**About this exercise:** For each record below, output its text exactly and skip any picture.
··· Extracted records ···
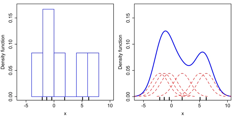 그런데 나는 저렇게 삐죽거리는 히스토그램이 딱히 마음에 들지 않는다. 아무리 훌륭하게 구간을 나누어도, 구간의 경계에서 불연속성을 띤다. 히스토그램이 이렇게 삐죽거릴수밖에 없는 이유의 본질에는 자연에서 추출해 관측한 데이터의 개수가 유한하기 때문이다. 이러한 히스토그램을 사용하지 않고 그림(ref2)의 오른쪽 파란색 그래프같이 연속 함수로 스무스하게 데이터를 표현하고 싶다면 어떻게 해야 할까?(ref6)
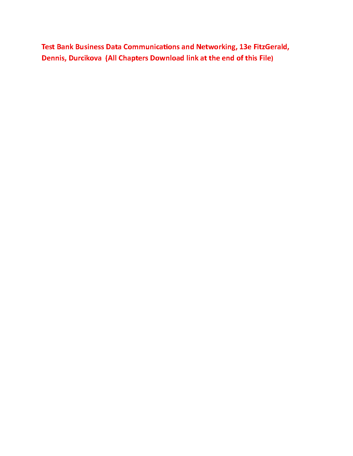 Test Bank for Business Data Communications and Networking, 13th Edition by Jerry FitzGerald, Alan Dennis, and Alexandra Durcikova
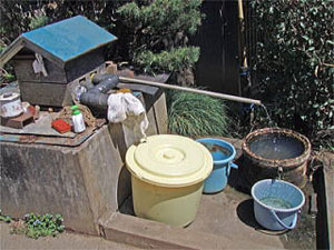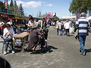 秩父に近づくにつれ渋滞は激しくなったが、バイクは渋滞する車を横目に前へ進む事が出来た。案内板を見ながら羊山公園を目指し、バイク専用の駐車場として場所を提供している民家にバイクを停めさせてもらい羊山公園へ徒歩で向かった。途中、桜が満開の木や、湧き水を利用した洗い場を見ながら坂を上り羊山公園に到着した。
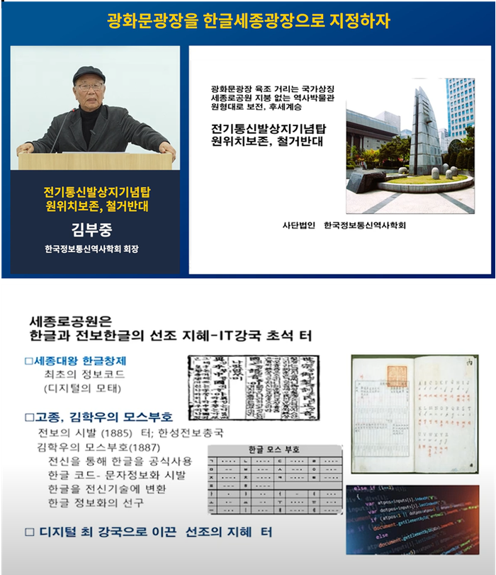 두 번째 주제발표를 한 김부중 정보통신역사학회 회장은 “세종로공원은 고종 때 우리나라 최초 전보통신 기구인 한성전보통신총국이 있던 곳으로서 전기통신발상지기념탑이 있다. 이곳은 세종이 만든 한글로 모스 부호를 만들어 과학정보통신을 시작해 오늘날 우리나나라가 한글정보통신 강국으로 이끈 뜻깊은 역사유적지다. 그런데 서울시는 이곳을 지저분한 사장바닥처럼 만들더니 그것도 모자라 이제 큰 카페를 만들고 6.25전쟁 때 참전한 외국군을 기리는 추모조형물 22개를 크게 만들겠다고 한다. 세종로공원 역사와도 어울리지 않고 민족 자긍심을 짓밟는 일이다. 우리 학회는 강력하게 반대한다. 만약에 서울시가 이 일을 강행하면 국민과 함께 반대투쟁을 할 것이다.”라고 밝혔다.
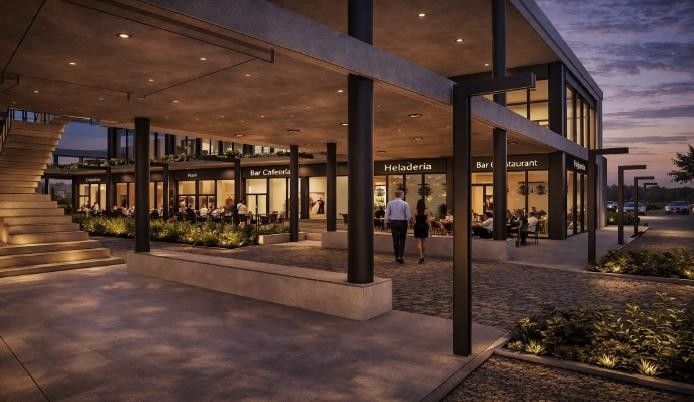 Con una arquitectura moderna de doble planta, paseos peatonales, terrazas y galerías, el proyecto ofrece 11 locales comerciales con superficies desde 90m² hasta 180m², más de 1.900m² cubiertos y 200m² semicubiertos, estacionamiento propio y expensas bajas gracias a su diseño eficiente.
···
**Output for this task:**
 그런데 나는 저렇게 삐죽거리는 히스토그램이 딱히 마음에 들지 않는다. 아무리 훌륭하게 구간을 나누어도, 구간의 경계에서 불연속성을 띤다. 히스토그램이 이렇게 삐죽거릴수밖에 없는 이유의 본질에는 자연에서 추출해 관측한 데이터의 개수가 유한하기 때문이다. 이러한 히스토그램을 사용하지 않고 그림(ref2)의 오른쪽 파란색 그래프같이 연속 함수로 스무스하게 데이터를 표현하고 싶다면 어떻게 해야 할까?(ref6)
 Test Bank for Business Data Communications and Networking, 13th Edition by Jerry FitzGerald, Alan Dennis, and Alexandra Durcikova
 秩父に近づくにつれ渋滞は激しくなったが、バイクは渋滞する車を横目に前へ進む事が出来た。案内板を見ながら羊山公園を目指し、バイク専用の駐車場として場所を提供している民家にバイクを停めさせてもらい羊山公園へ徒歩で向かった。途中、桜が満開の木や、湧き水を利用した洗い場を見ながら坂を上り羊山公園に到着した。
 두 번째 주제발표를 한 김부중 정보통신역사학회 회장은 “세종로공원은 고종 때 우리나라 최초 전보통신 기구인 한성전보통신총국이 있던 곳으로서 전기통신발상지기념탑이 있다. 이곳은 세종이 만든 한글로 모스 부호를 만들어 과학정보통신을 시작해 오늘날 우리나나라가 한글정보통신 강국으로 이끈 뜻깊은 역사유적지다. 그런데 서울시는 이곳을 지저분한 사장바닥처럼 만들더니 그것도 모자라 이제 큰 카페를 만들고 6.25전쟁 때 참전한 외국군을 기리는 추모조형물 22개를 크게 만들겠다고 한다. 세종로공원 역사와도 어울리지 않고 민족 자긍심을 짓밟는 일이다. 우리 학회는 강력하게 반대한다. 만약에 서울시가 이 일을 강행하면 국민과 함께 반대투쟁을 할 것이다.”라고 밝혔다.
 Con una arquitectura moderna de doble planta, paseos peatonales, terrazas y galerías, el proyecto ofrece 11 locales comerciales con superficies desde 90m² hasta 180m², más de 1.900m² cubiertos y 200m² semicubiertos, estacionamiento propio y expensas bajas gracias a su diseño eficiente.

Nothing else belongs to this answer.